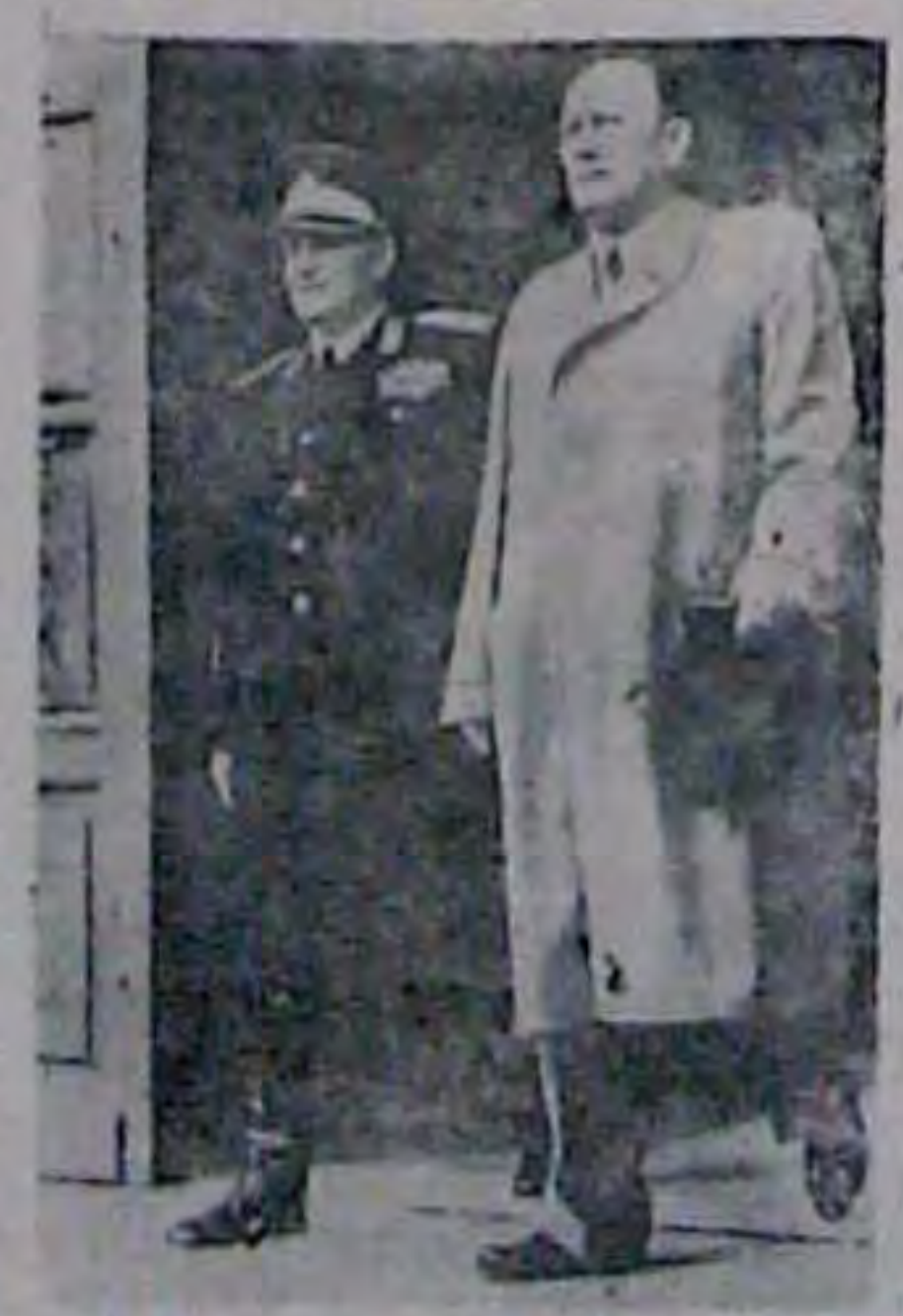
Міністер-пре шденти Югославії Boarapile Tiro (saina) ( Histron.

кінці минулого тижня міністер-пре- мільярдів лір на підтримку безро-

——————————

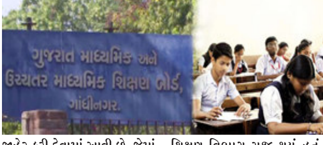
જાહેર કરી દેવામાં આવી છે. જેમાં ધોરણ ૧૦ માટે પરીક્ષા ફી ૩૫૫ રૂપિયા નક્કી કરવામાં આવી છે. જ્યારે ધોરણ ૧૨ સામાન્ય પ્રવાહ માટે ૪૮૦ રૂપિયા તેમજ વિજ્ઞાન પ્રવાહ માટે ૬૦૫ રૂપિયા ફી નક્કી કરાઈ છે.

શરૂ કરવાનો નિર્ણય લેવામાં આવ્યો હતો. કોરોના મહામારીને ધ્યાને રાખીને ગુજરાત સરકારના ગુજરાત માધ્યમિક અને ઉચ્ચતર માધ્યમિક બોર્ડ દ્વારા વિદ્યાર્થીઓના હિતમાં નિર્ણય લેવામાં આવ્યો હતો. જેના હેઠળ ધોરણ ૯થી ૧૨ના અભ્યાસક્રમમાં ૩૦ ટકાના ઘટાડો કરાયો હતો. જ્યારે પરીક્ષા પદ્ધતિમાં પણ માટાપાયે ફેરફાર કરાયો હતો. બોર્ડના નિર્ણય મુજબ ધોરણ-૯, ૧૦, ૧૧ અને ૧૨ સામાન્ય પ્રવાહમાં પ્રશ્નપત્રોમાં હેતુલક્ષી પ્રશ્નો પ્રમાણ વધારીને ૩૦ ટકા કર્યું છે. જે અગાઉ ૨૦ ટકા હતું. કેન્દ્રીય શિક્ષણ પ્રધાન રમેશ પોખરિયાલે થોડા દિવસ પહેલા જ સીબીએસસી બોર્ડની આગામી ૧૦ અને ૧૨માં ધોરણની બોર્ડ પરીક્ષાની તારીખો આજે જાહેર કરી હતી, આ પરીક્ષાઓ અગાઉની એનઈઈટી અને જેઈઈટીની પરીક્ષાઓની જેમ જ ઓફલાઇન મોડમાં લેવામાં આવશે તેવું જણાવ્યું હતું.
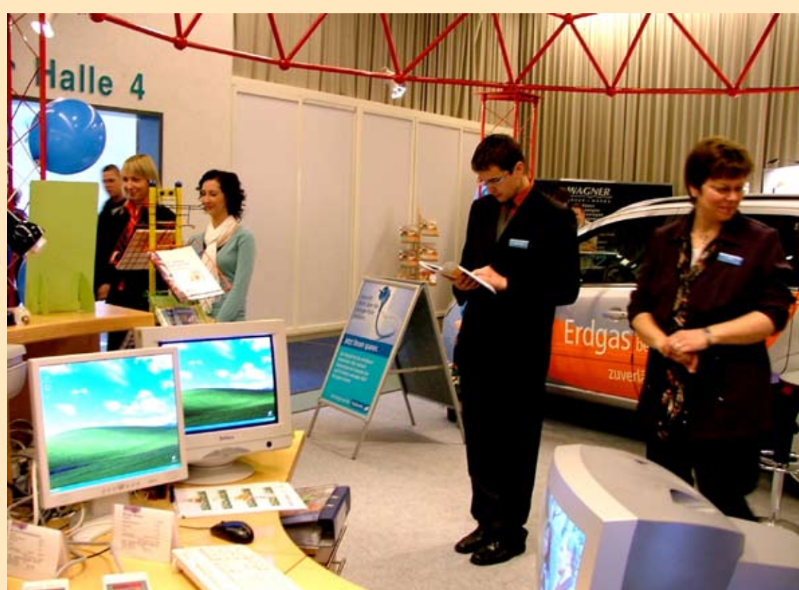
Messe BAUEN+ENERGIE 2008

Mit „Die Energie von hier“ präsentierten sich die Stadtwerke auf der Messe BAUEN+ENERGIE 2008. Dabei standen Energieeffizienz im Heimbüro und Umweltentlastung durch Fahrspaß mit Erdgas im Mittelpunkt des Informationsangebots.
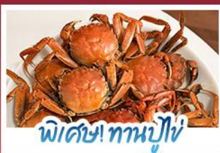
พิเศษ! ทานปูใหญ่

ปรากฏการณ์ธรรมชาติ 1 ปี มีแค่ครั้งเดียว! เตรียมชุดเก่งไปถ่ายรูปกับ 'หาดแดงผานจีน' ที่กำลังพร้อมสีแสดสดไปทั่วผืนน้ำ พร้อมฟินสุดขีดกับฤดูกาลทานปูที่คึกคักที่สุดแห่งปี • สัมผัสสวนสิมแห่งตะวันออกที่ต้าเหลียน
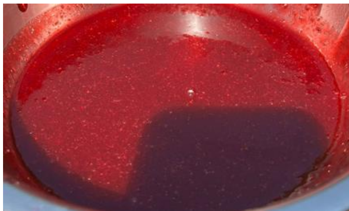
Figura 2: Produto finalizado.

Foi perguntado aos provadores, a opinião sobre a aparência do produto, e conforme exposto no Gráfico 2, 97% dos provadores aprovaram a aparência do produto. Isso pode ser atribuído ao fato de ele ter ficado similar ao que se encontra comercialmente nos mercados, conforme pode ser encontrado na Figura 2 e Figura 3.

——————————

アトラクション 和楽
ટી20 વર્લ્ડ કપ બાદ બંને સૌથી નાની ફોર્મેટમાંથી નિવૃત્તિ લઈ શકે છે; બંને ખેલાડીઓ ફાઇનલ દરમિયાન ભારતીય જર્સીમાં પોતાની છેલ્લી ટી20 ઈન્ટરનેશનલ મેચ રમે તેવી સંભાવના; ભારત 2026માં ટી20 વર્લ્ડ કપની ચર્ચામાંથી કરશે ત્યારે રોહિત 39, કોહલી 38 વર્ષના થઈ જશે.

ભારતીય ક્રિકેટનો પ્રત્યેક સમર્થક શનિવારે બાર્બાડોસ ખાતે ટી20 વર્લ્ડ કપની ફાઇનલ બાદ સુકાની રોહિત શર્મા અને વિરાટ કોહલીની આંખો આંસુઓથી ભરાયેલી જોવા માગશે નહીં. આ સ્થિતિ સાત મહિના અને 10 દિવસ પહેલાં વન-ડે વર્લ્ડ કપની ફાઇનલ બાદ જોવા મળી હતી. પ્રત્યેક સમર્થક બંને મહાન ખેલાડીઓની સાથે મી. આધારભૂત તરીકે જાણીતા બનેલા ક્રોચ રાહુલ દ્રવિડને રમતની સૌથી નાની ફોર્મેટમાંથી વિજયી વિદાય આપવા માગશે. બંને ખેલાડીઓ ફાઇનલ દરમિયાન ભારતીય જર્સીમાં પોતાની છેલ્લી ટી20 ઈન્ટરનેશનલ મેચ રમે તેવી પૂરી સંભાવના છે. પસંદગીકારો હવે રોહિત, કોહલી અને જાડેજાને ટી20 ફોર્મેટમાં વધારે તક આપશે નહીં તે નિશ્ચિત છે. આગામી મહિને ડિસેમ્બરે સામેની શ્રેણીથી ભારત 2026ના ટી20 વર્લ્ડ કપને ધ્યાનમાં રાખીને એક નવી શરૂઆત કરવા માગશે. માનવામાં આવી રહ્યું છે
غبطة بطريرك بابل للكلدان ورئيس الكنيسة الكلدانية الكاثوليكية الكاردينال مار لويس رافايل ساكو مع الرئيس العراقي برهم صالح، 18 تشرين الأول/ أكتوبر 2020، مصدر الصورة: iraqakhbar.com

——————————

Looking back over the data above, restate word for word the lines that begin at the line with "Figura 2: Produto finalizado." and end at the line with "Foi perguntado aos", inclusive.

Figura 2: Produto finalizado.

Foi perguntado aos provadores, a opinião sobre a aparência do produto, e conforme exposto no Gráfico 2, 97% dos provadores aprovaram a aparência do produto. Isso pode ser atribuído ao fato de ele ter ficado similar ao que se encontra comercialmente nos mercados, conforme pode ser encontrado na Figura 2 e Figura 3.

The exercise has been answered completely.